Provided material:
--------------------------------
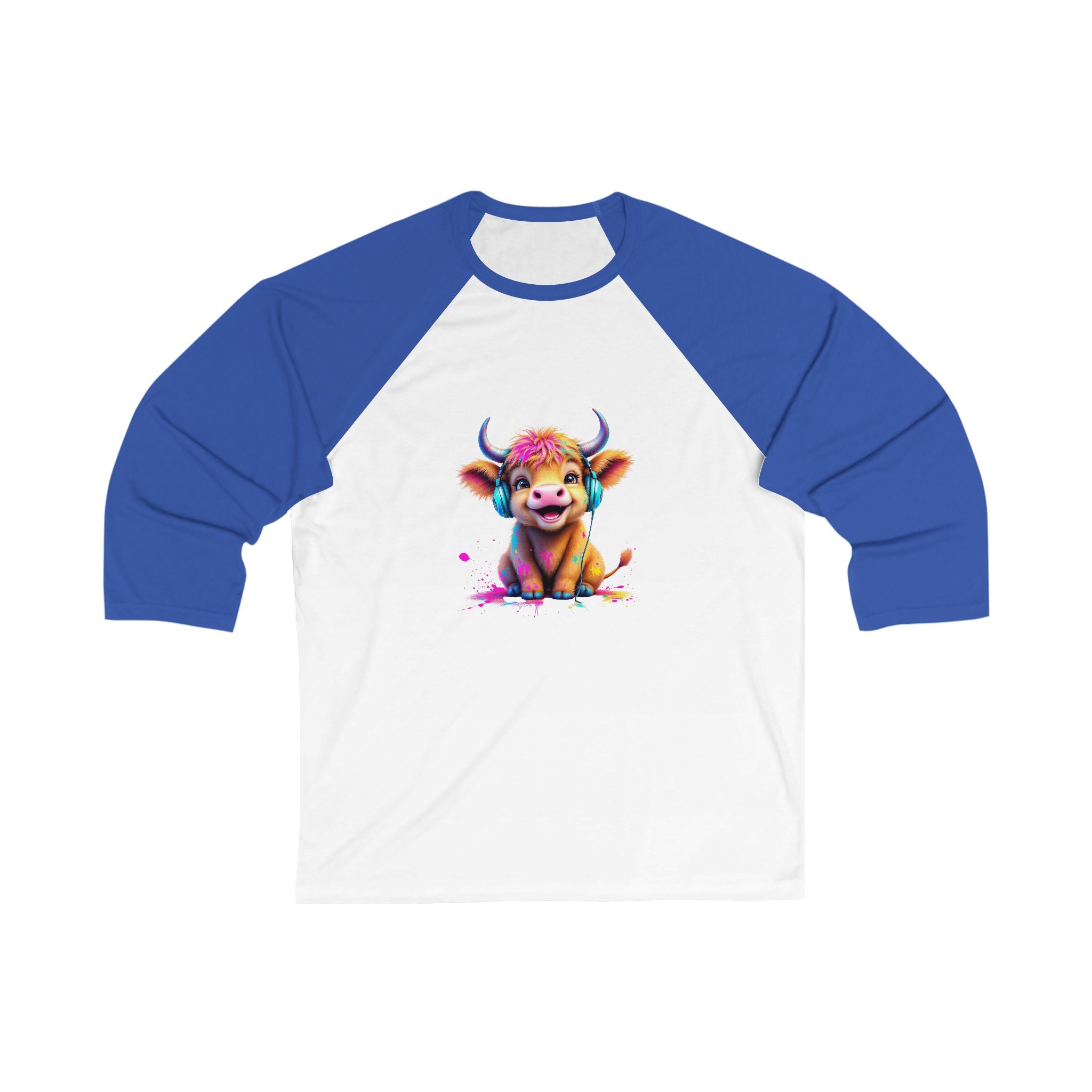 Whimsical Cow Baseball Tee, Cute Unisex 3/4 Sleeve Shirt, Animal Lover Gift, Fun Casual Wear, Perfect for Occasions
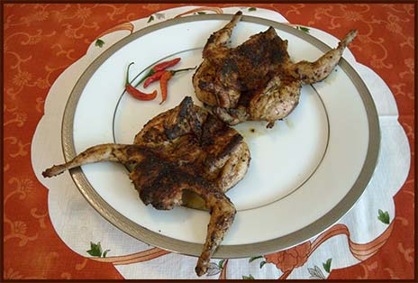 PREPARACIÓN Salpimiente bien las Codornices Jumbo SAAB ya limpias por supuesto y cúbralas con el pimentón. Ponga una sartén con todo el aceite y cuando este bien caliente fría las codornices Jumbo SAAB, voltéelas para que sellen y luego déjelas dorar por todas partes. Ponga más pimentón antes que terminen de dorar. Sáquelas del aceite, escúrralas en una coladera y sírvalas enseguida. |
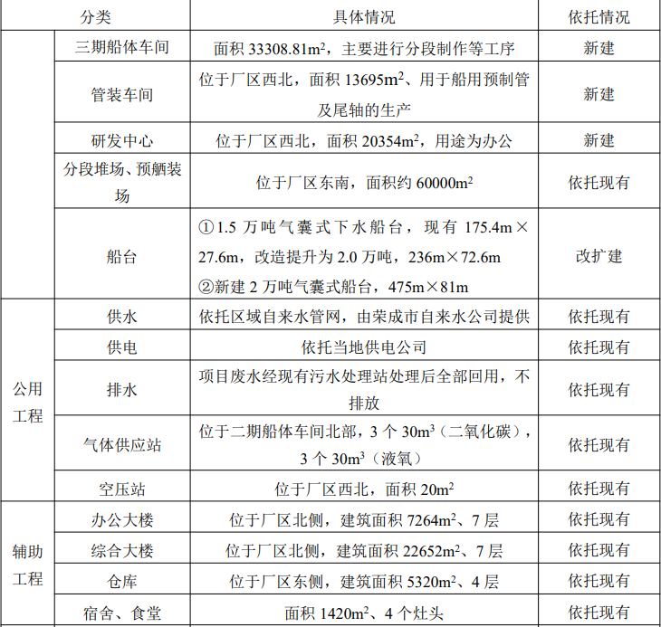 黃海造船有限公司擬投資48660萬元建設(shè)黃海造船有限公司船舶制造項目,項目位于榮成市石島管理區(qū)桃園街道青木寨村南,中心點位于122.469403°E、36.930211°N,現(xiàn)有廠區(qū)占地面積為259495m2.本項目新增用地面積為 41858m2.項目新增員工300人,項目新建2萬噸氣囊船臺、改造提升2萬噸氣囊船臺、新建三期船體車間、分段倉儲設(shè)施、研發(fā)中心、管裝車間;項目造船產(chǎn)能為7.98萬噸/年(47.8萬載重噸),利用榮成市神飛船舶制造有限公司置換13 萬噸/年(71萬載重噸)造船產(chǎn)能中的8萬噸/年造船產(chǎn)能(47.8萬載重噸),不新增造船產(chǎn)能。
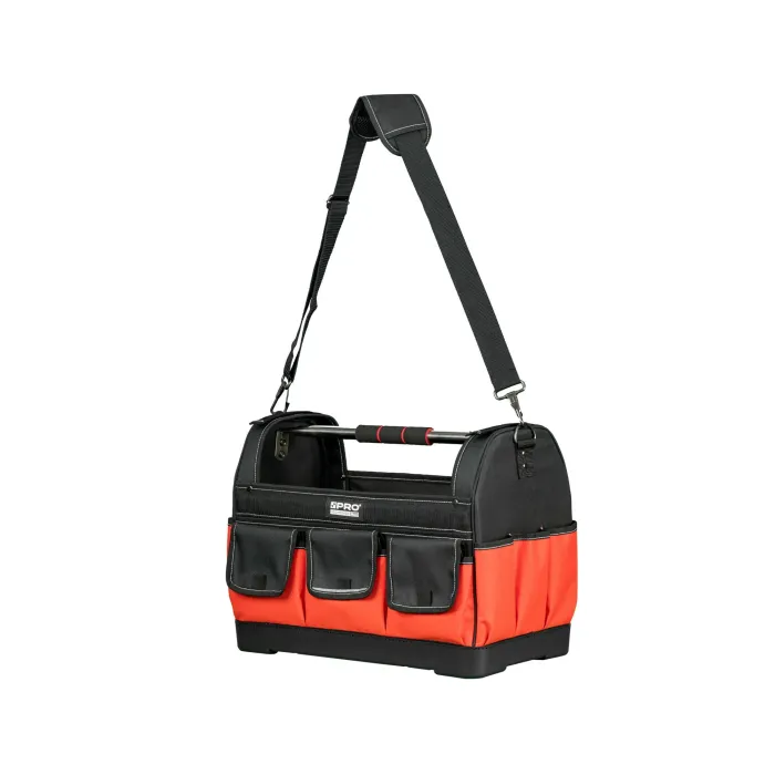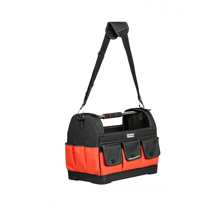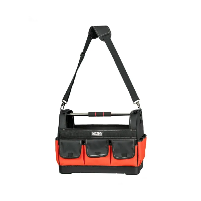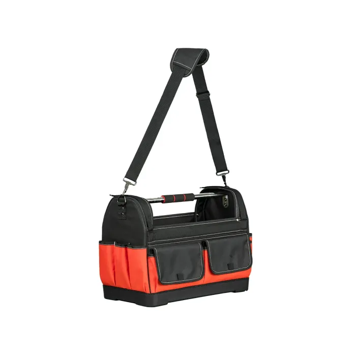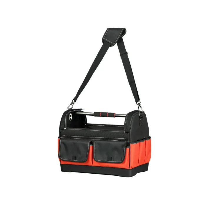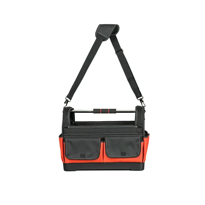 Разполага с подсилено дъно и светлоотразителни елементи. Регулируеми кукички от двете страни за транспортиране на нивелир. Чанта оборудвана с 13 външни джоба и 12 вътрешни джоба за инструменти, отвертки, моливи, клещи и др.
--------------------------------
Work item:
Set the lines above down again, word for word, from the first through the one containing "PREPARACIÓN Salpimiente bien"; pictures excluded.

Result of the exercise:
 Whimsical Cow Baseball Tee, Cute Unisex 3/4 Sleeve Shirt, Animal Lover Gift, Fun Casual Wear, Perfect for Occasions
 PREPARACIÓN Salpimiente bien las Codornices Jumbo SAAB ya limpias por supuesto y cúbralas con el pimentón. Ponga una sartén con todo el aceite y cuando este bien caliente fría las codornices Jumbo SAAB, voltéelas para que sellen y luego déjelas dorar por todas partes. Ponga más pimentón antes que terminen de dorar. Sáquelas del aceite, escúrralas en una coladera y sírvalas enseguida. |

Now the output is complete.